Data excerpts

>>>

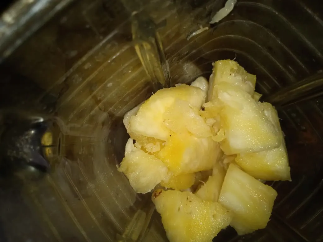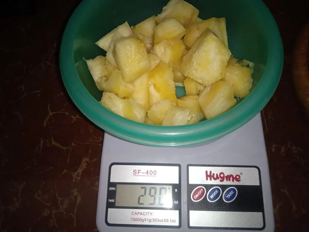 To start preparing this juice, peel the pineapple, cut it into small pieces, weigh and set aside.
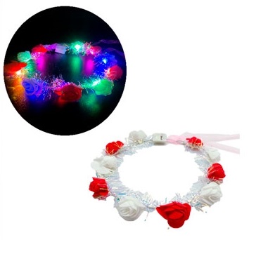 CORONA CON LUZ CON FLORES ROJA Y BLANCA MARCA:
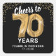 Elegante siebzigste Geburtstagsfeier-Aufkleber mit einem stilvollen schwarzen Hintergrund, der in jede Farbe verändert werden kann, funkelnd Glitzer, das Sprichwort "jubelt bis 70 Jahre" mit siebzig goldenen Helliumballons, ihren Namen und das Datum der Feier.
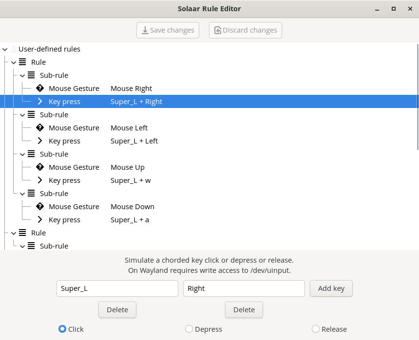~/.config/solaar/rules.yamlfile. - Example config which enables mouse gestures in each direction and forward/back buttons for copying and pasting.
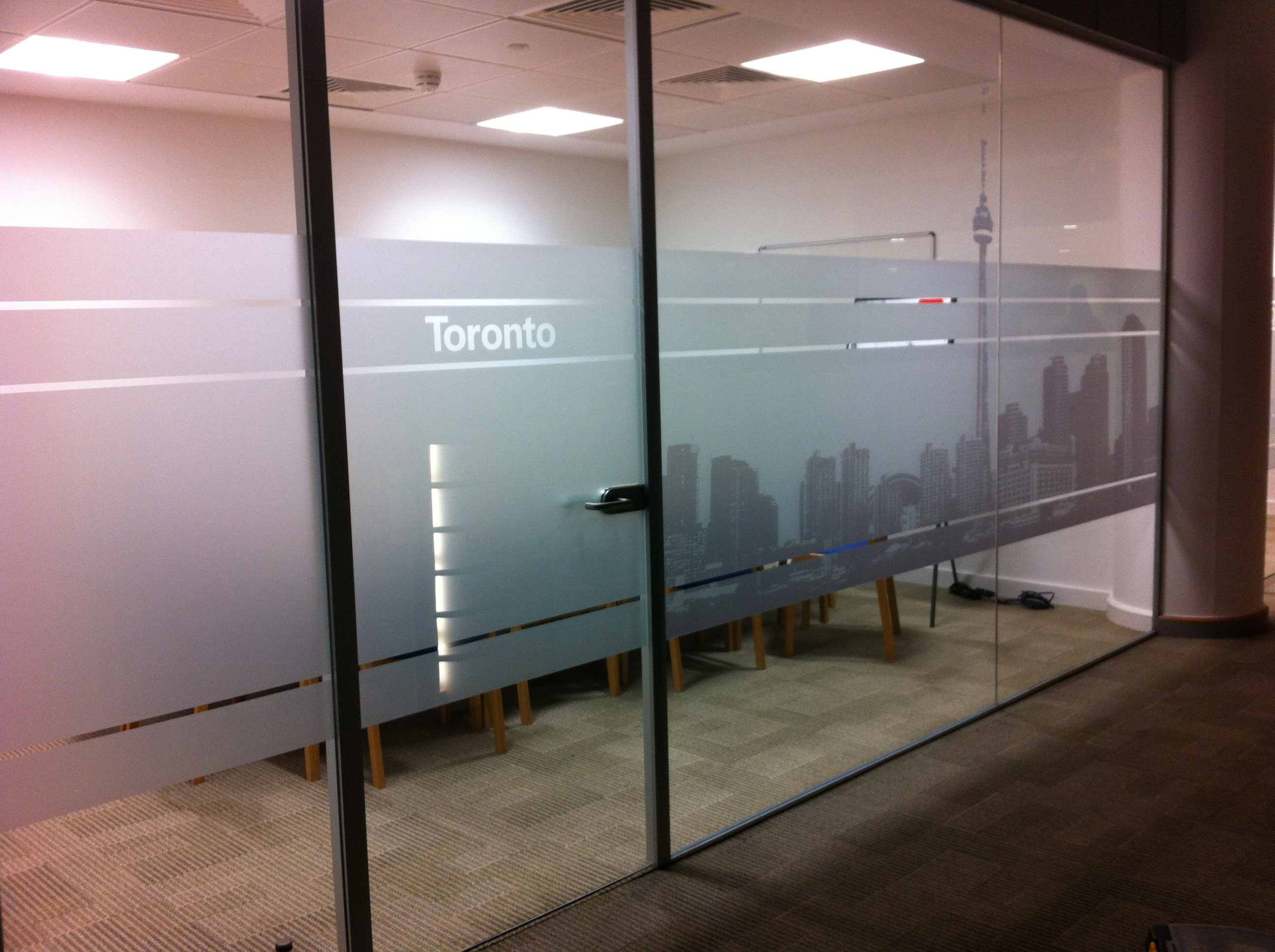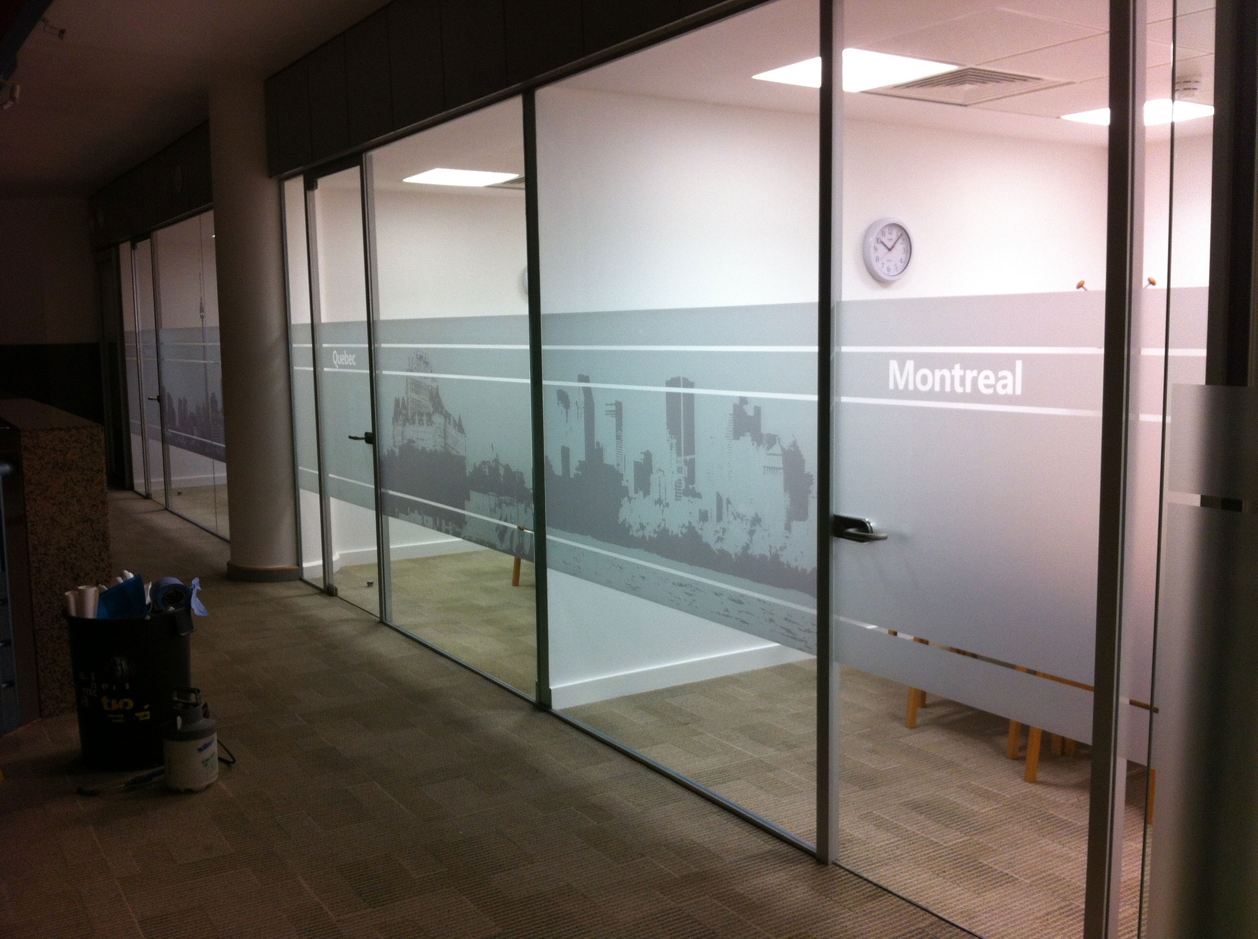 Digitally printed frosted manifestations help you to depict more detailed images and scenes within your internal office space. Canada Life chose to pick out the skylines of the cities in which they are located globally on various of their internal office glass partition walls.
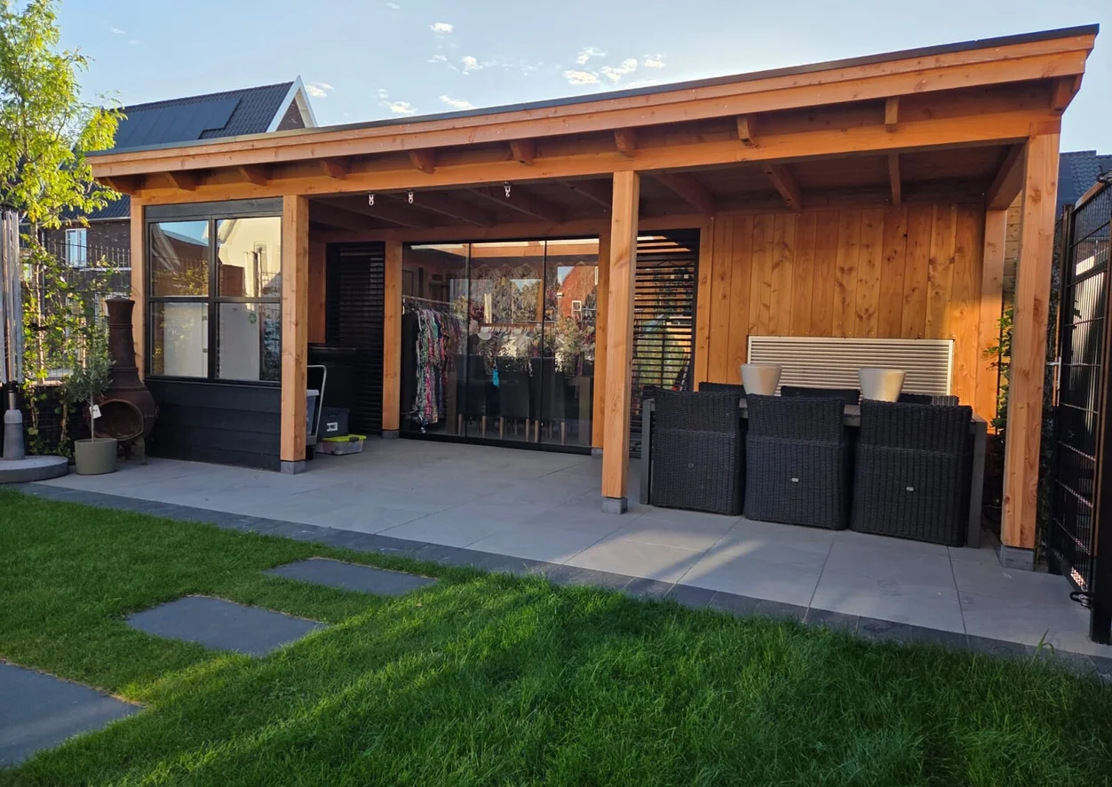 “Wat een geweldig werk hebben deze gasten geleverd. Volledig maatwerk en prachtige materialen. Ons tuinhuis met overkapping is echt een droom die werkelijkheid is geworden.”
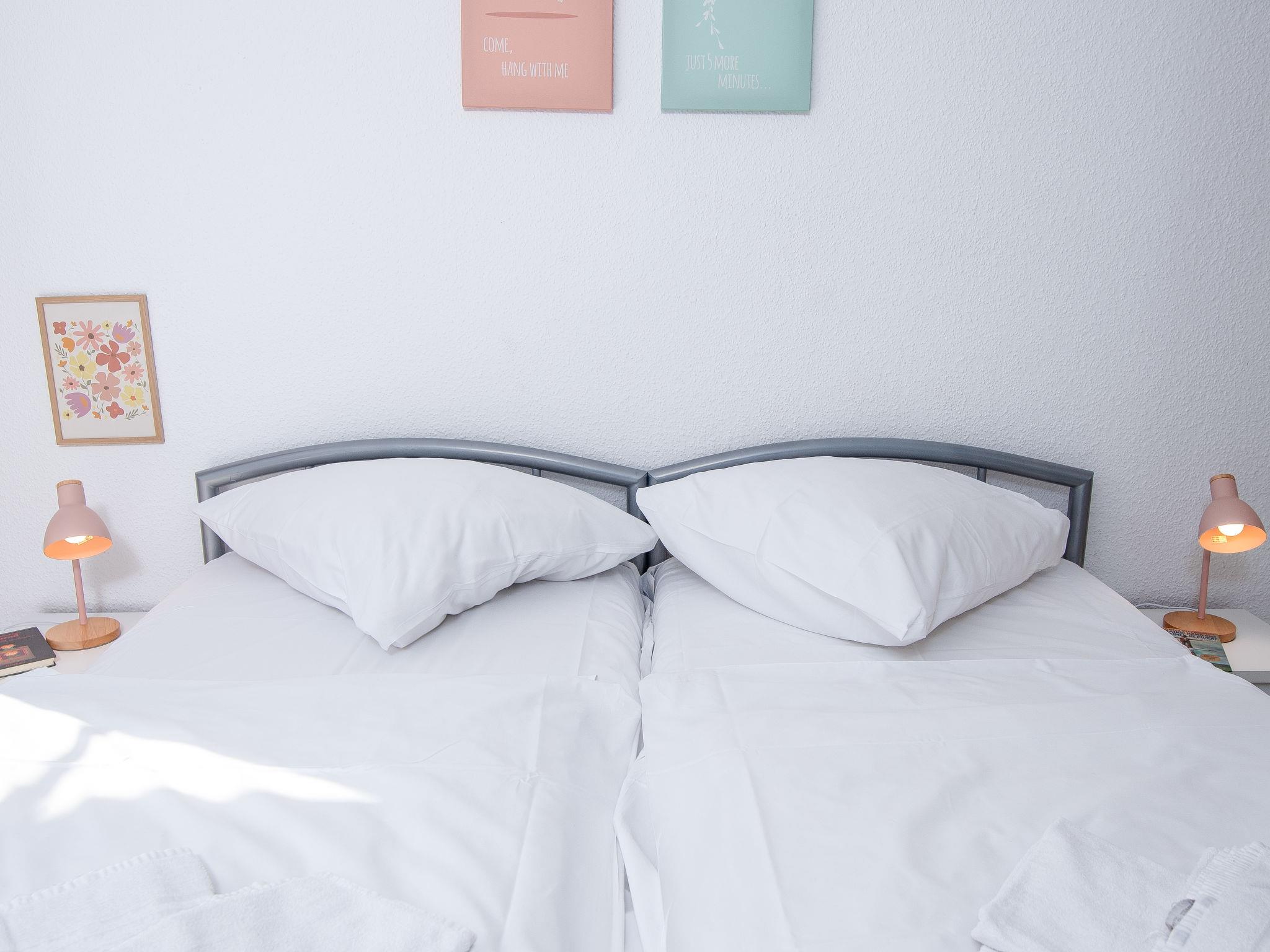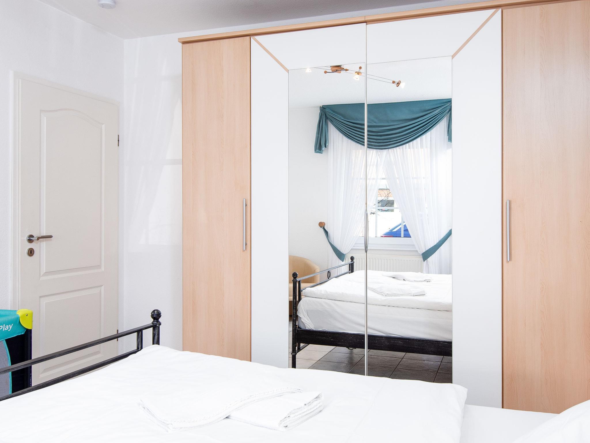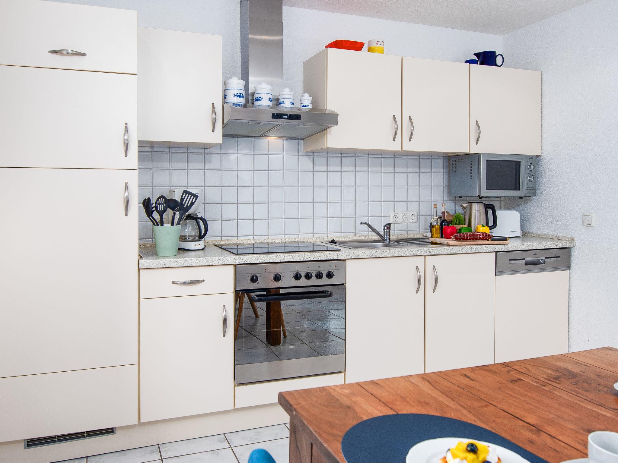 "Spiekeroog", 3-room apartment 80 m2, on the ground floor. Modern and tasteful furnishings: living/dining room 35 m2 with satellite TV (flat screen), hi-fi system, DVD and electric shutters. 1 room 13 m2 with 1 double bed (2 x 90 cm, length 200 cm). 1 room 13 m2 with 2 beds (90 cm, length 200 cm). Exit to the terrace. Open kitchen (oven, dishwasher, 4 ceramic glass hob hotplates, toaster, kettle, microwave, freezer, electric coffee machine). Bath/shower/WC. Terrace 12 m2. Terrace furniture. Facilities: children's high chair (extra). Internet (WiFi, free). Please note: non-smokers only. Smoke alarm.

<<<

The response must restate exactly the lines from the one containing "Digitally printed frosted" through the end of the records above and must leave out all pictures.

 Digitally printed frosted manifestations help you to depict more detailed images and scenes within your internal office space. Canada Life chose to pick out the skylines of the cities in which they are located globally on various of their internal office glass partition walls.
 “Wat een geweldig werk hebben deze gasten geleverd. Volledig maatwerk en prachtige materialen. Ons tuinhuis met overkapping is echt een droom die werkelijkheid is geworden.”
 "Spiekeroog", 3-room apartment 80 m2, on the ground floor. Modern and tasteful furnishings: living/dining room 35 m2 with satellite TV (flat screen), hi-fi system, DVD and electric shutters. 1 room 13 m2 with 1 double bed (2 x 90 cm, length 200 cm). 1 room 13 m2 with 2 beds (90 cm, length 200 cm). Exit to the terrace. Open kitchen (oven, dishwasher, 4 ceramic glass hob hotplates, toaster, kettle, microwave, freezer, electric coffee machine). Bath/shower/WC. Terrace 12 m2. Terrace furniture. Facilities: children's high chair (extra). Internet (WiFi, free). Please note: non-smokers only. Smoke alarm.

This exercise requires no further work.